**INSTRUCTIONS FOR THE TASK**:
Only the lines from the first line of the data through the line containing "G11N-2,G11N-8,G11N-1" belong in the answer, transcribed exactly; pictures do not.

Items from a dataset
━━━━━━━━━━━━━━━━━━━━
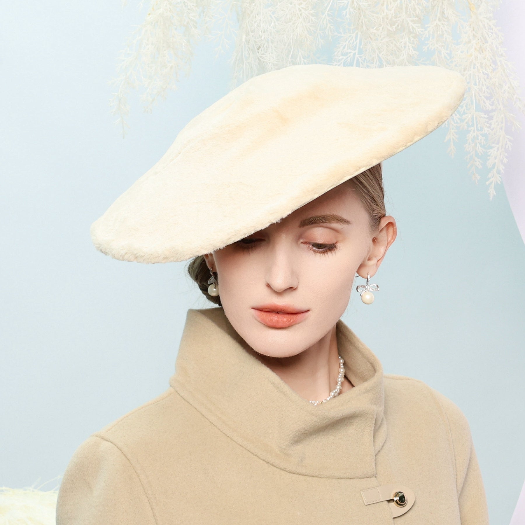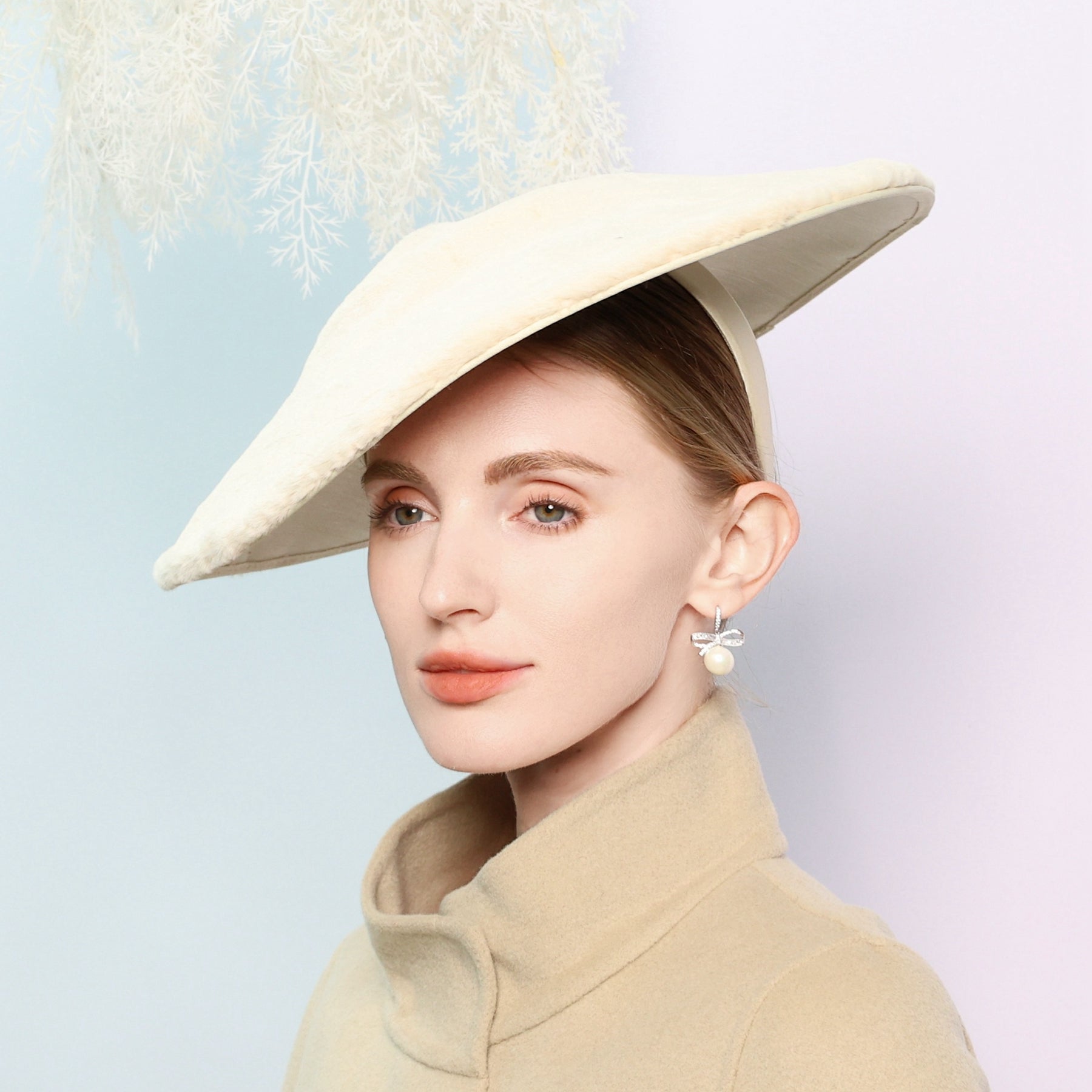 Introducing a stunning fascinator crafted from a plush, cream-colored synthetic or wool – blend fabric. This structured, wide – brimmed headpiece is a perfect addition for formal events, with its elegant silhouette and solid monochromatic design.
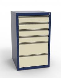 - Тумба с 6-ю выдвижными ящиками на шариковых телескопических направляющих:- ящик средний (180х379х525 мм) - 2 шт.- ящик малый (90х379х525 мм) - 4 шт.Возможна комплектация оцинкованной столешницей.
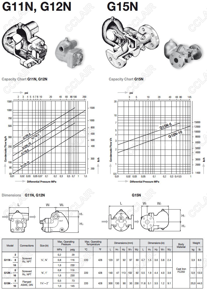 G11N-2,G11N-8,G11N-16,G12N-8,G12N-16,G15N-5,G15N-10,miyawaki浮球式蒸汽疏水閥
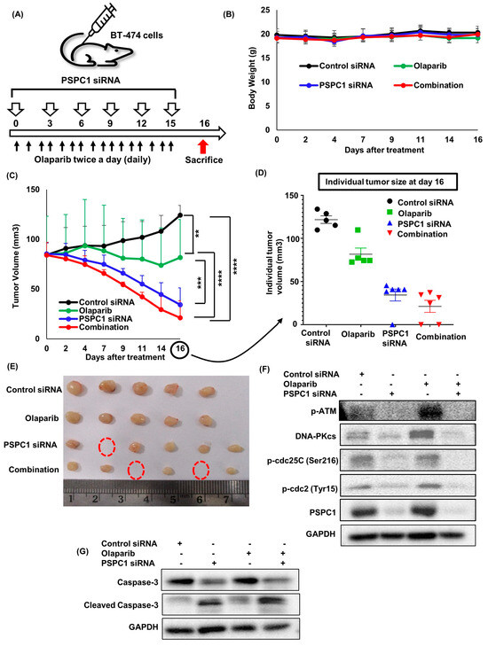 We subsequently evaluated the in vivo efficacy of olaparib, PSPC1 siRNA, and their combination in a BT−474 xenograft mouse model. The schedule of the animal experiments is depicted in Figure 4A. First of all, PSPC1 siRNA or the combination used in this study were well tolerated, and no generalized toxicity was observed given that the body weight remained normal (Figure 4B). Combining PSPC1 siRNA with olaparib promoted greater tumor regression than did PSPC1 siRNA alone (p = 0.211), olaparib alone (p < 0.0001), and control siRNA (p < 0.0001) (Figure 4C). The individual tumor volumes were shown in Figure 4D. Remarkably, combination treatment exhibited complete tumor regression in two out of the six mice (Figure 4E). PSPC1 siRNA alone also significantly inhibited the tumor growth, including complete tumor regression in one mouse, compared to control siRNA (p < 0.0001). Finally, the mice were sacrificed on day 16, and the tumors were excised for further experiments. After subjecting tumor tissue lysates to Western blot analysis, we observed a similar pattern of expression in the genes tested in vitro. Briefly, combination therapy markedly reduced the expression of DDR-related genes, such as p-ATM and DNA-PKcs. In addition, combination therapy promoted greater inhibition of the expression of cell cycle-related genes, p-cdc25C (Ser216) and p-cdc2 (Tyr15), than did monotherapy, indicating that the G2/M transition occurred (Figure 4F). Lastly, the expression of cleaved caspase-3 was noticeably elevated, suggesting increased apoptosis (Figure 4G).
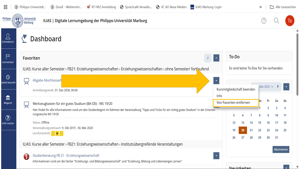 Im aufgeklappten Menü klicken Sie auf "Von Favoriten entfernen", um den Kurs nicht mehr auf dem Dashboard anzuzeigen.
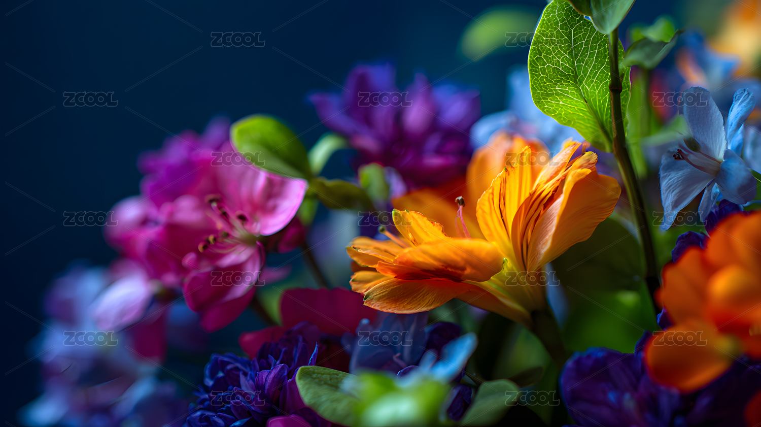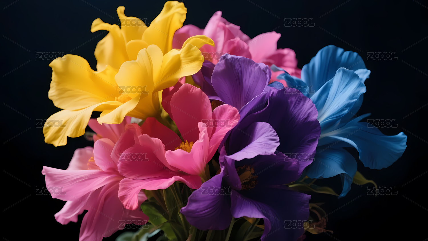 多色花朵深色背景
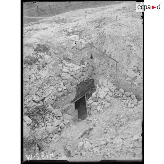 Nord d'Herbécourt, vue prise au boyau de la Choucroute. Entrée d'un abri.
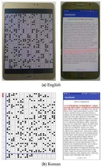 - Kim, S.D.; Roh, H.J.; Ryu, Y.; Ryu, E.S. Daisy/EPUB-Based Braille Conversion Software Development for 2D Braille Information Terminal; The 2017 Korea Computer Congress of the Korean Institute of Information Scientists and Engineers; Korea Information Science Society: Jeju, Korea, 2017; pp. 1975–1977. [Google Scholar]
━━━━━━━━━━━━━━━━━━━━
**RESULT FOR THIS EXERCISE**:
 Introducing a stunning fascinator crafted from a plush, cream-colored synthetic or wool – blend fabric. This structured, wide – brimmed headpiece is a perfect addition for formal events, with its elegant silhouette and solid monochromatic design.
 - Тумба с 6-ю выдвижными ящиками на шариковых телескопических направляющих:- ящик средний (180х379х525 мм) - 2 шт.- ящик малый (90х379х525 мм) - 4 шт.Возможна комплектация оцинкованной столешницей.
 G11N-2,G11N-8,G11N-16,G12N-8,G12N-16,G15N-5,G15N-10,miyawaki浮球式蒸汽疏水閥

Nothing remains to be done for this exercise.